The world is subjective and each one upon its face carries a subjectivity with him to survive. The angst of death is much too strong. We must placate this existence with things that float to and fro, in and out of the light-less night. The world upon the shoulders of all. Guilt torments and erodes the outward face of a tired soul. Help them O Lord.

So He does. He gives us His Word. But the word says there is a perfect Law of Liberty [a]written upon the hearts [b] of we who follows His path. Too weary to search the darkness anymore, we turn to God. He is the One. We now look inward to this Law written on our hearts. What is perfect? Jesus is perfect and He is our beacon of all hope. Now all can look to One beacon rather than contrive ideas eternally from endless self-reason. This is the contrast between the Absolute and the Relative. Man always will debate.

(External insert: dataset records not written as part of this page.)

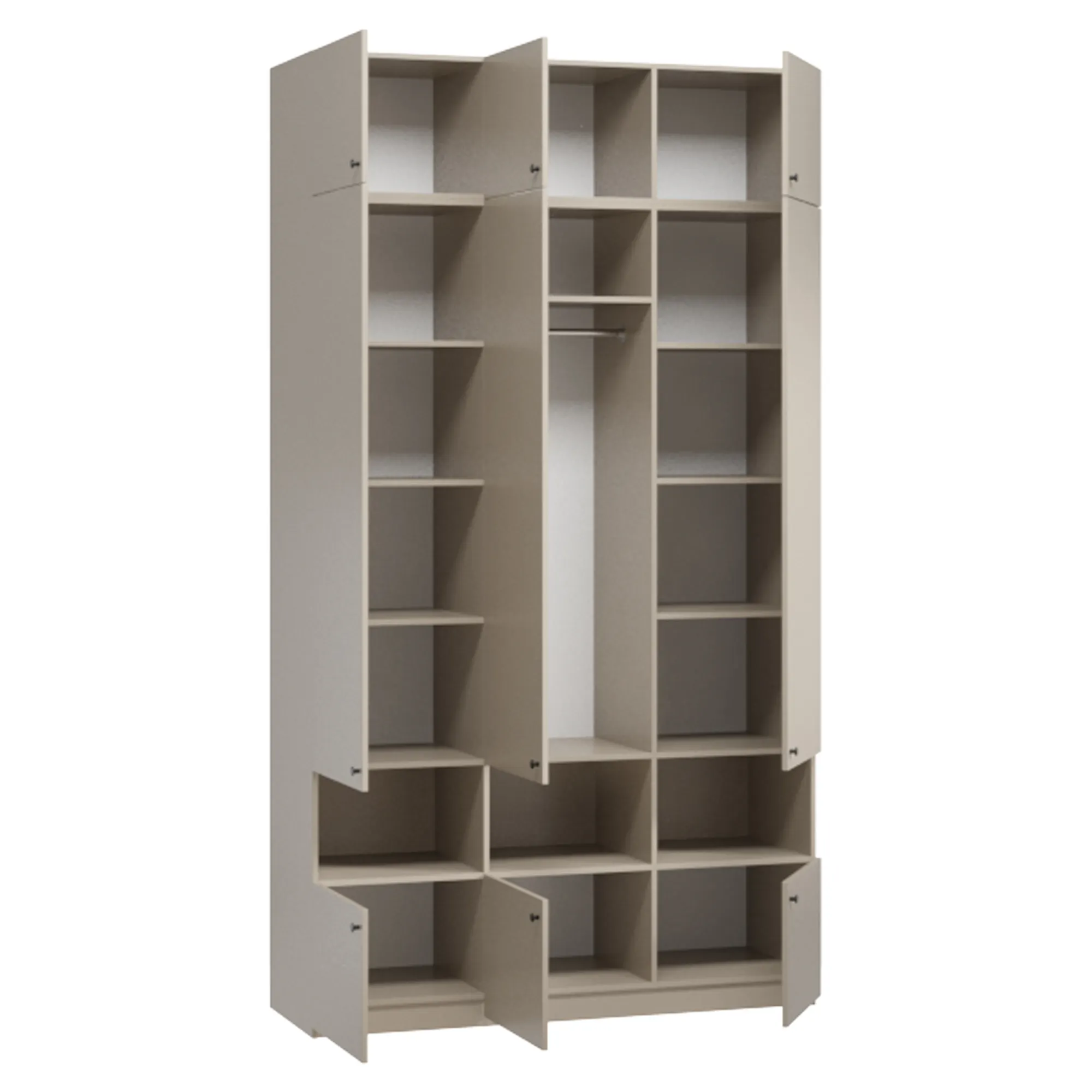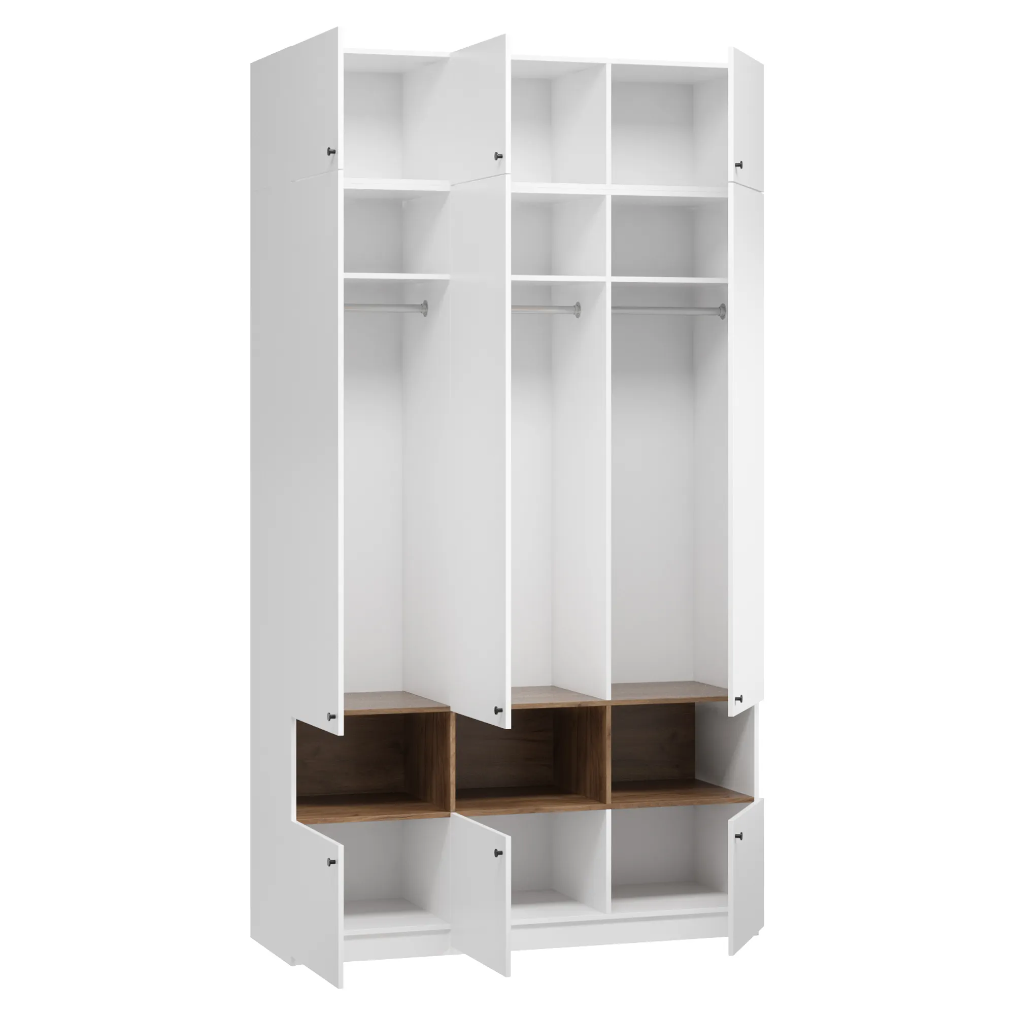 Ручки-кнопки не создают излишней сложности в дизайне и удобны в использовании. Для нужных мелочей и предметов декора предусмотрены открытые ниши. Комплекты постельного белья и сезонные вещи удобно расположить на верхних и нижних полках. В трех платяных отделениях встроены крепкие штанги для курток, костюмов и прочей повседневной одежды. Закрытое основание препятствует скапливанию пыли и облегчает процесс уборки.
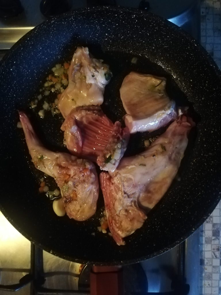 Adicione os pedaços de coelho e sele as carnes dourando de ambos os lados;
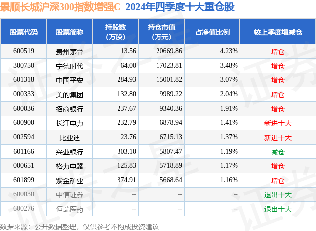 从基金规模来看,景顺长城沪深300指数增强C基金2024年四季度公布的基金规模为5.29亿元,较上一期规模3.42亿元变化了1.87亿元,环比变化了54.89%。该基金最新一期资产配置为:股票占净值比93.47%,债券占净值比2.69%,现金占净值比4.44%。从基金持仓来看,该基金当季前十大股票仓位达21.03%,第一大重仓股为贵州茅台(600519),持仓占比为4.23%。

It is inward where we go to see eternal. A seeming paradox. Inside is an Ego – it is our ‘self’. Why should we look there?  The sanctified people die inside to live [c]. Slowly our outward perspective fades and the inward flourishes. As we become keen to our inward perspective, we see the eyes of God. We talk with Him and He reassures us in all times. It is in this way we learn to trust. With a trust that spurns the temporal, there is born an eternal trust. Jesus did not die in vain, but He died because Man was born perfect in the image of God and fell into guilt. He reaches out for God and God understands. He sent His Son to show just how much we mean to Him. When we see Him now, inwardly, we see His gentleness and beauty. There is so much beauty is one second with God than a lifetime of charm that floats out of the darkness.

I pray we seek Him on bent knees and really try to listen. Pray two ways: talk to Him and listen to Him. He always speaks and when we wonder of the goodness of His answer, we thank Him regardless of what pieces of our outer self tell us are bad. There is only good.